GDC 2015: “Enhancing Your Unity Mobile Games (Presented by ARM)” by Carl Callewaert of Unity Technologies, Roberto Lopez Mendez of ARM, Tony Prosser of Realtime UK, and Angelo Theodorou (@encelo?) of ARM https://gdcvault.com/play/1022408/Enhancing-Your-Unity-Mobile-Games

I thought this presentation was mostly useless.

The first presenter’s section was so high-level that I didn’t get anything from it. They covered topics like “mobile devices use batteries” and “when you optimize, focus on the performance bottleneck.”

1/6

Enhancing Your Unity Mobile Games (Presented by ARM)

The ARM Guide to Unity shows developers how to get the most out of Unity when developing under the unique challenges of mobile platforms.The talk offers a preview of the next release of the ARM Guide to Unity and highlights the most relevant...

And “mobile devices don’t have as much bandwidth as desktop devices, so consider using texture compression.”

They did say one thing I thought was interesting: 4x MSAA is free on Mali GPUs. Perhaps they have some kind of lossless compression support that they use under the hood? Such support is quite common; I wish they could talk more about that.

The next presenter described adjusting reflection cubemaps so they align better, and then applying this principle to shadows.

2/6

I’ve heard about this technique before, but I’ve never studied it, so I appreciated the explanation. They described that you actually use ray tracing to figure out where to sample the cube map. You use proxy geometry, and shoot a reflection ray from the point of reflection into the proxy geometry. Depending on where it hits, you sample a different location in the cube map.

(This explanation didn’t make sense to me, though: wouldn’t you need a BVH for the proxy geometry?)

3/6

They then describe how to use this for shadows: you bake the cubemaps with transmittance values in the alpha channel. When you sample from it, the alpha channel tells you whether your pixel is lit or not. And for soft shadows, you can just sample a lower-res mipmap of the cube map. So that’s neat.

The next section was from a company that makes offline-rendered demo reels. And I was like “um, cool?” They made the assets for a real-time demo.

4/6

They were like “our triangle budget for the whole scene was the same number of triangles we usually use in just a character’s fingernail” and my reaction was like “well what did you expect?” The worst part was that their company’s name is, no joke, “Realtime UK.”
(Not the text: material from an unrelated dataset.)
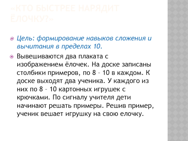 Вывешиваются два плаката с изображением ёлочек. На доске записаны столбики примеров, по 8 – 10 в каждом. К доске выходят два ученика. У каждого из них по 8 – 10 картонных игрушек с крючками. По сигналу учителя дети начинают решать примеры. Решив пример, ученик вешает игрушку на свою елочку.

The last section was a Unity guy showing off lighting in Unity, but it had nothing to do with ARM whatsoever. He was like “We use Enlighten! It updates as you move stuff around! So cool!” and I was like “why are you here”

5/6

Review: 3/10 they get some points for the cubemap stuff, but that’s pretty much it
@GDCPresoReviews well, considering that ARM bought Geomerics in December 2013, doing a bit of Enlighten marketing in early 2015 was a normal part of a sponsored session. 😄
@encelo Huh! I didn’t know that. 👍
@GDCPresoReviews depending on the simplicity of the proxy geo you don’t need a BVH. like, if it’s just a cube, six ifs will do the trick

@rrika

Ah, got it 👍

I had a feeling it was something like that, because the geo in their demo was really simple

@GDCPresoReviews 4x MSAA is almost free on Mali GPUs because you can keep your multisampled data on tile memory and only write back the resolved final output. This works when you do your main scene render pass and manage to keep your data in tile throughout and before you need to start doing your postprocess, you do your storeop out to main memory but have the GPU resolve your MSAA samples before your tile goes back to main mem.
@Biovf right, the reason I mentioned compression is that, when the tile memory is finally flushed to main memory, without compression, there would be 4x the amount of data, which doesn’t sound “free” to me
@Biovf from what I understand, all GPUs implement multisampling using something like a run-length encoding scheme, which gets unpacked at resolve time. Which is interesting; I would have enjoyed a section discussing this in a hardware-specific way in this presentation

@Biovf

@TomF explained in https://mastodon.gamedev.place/@TomF/115810687409793919 that the multisampling itself isn’t actually faster on tile-based GPUs than immediate GPUs, but the *resolve* is faster if it’s done in the same render pass that produced the samples. (Because there’s no round-trip to memory)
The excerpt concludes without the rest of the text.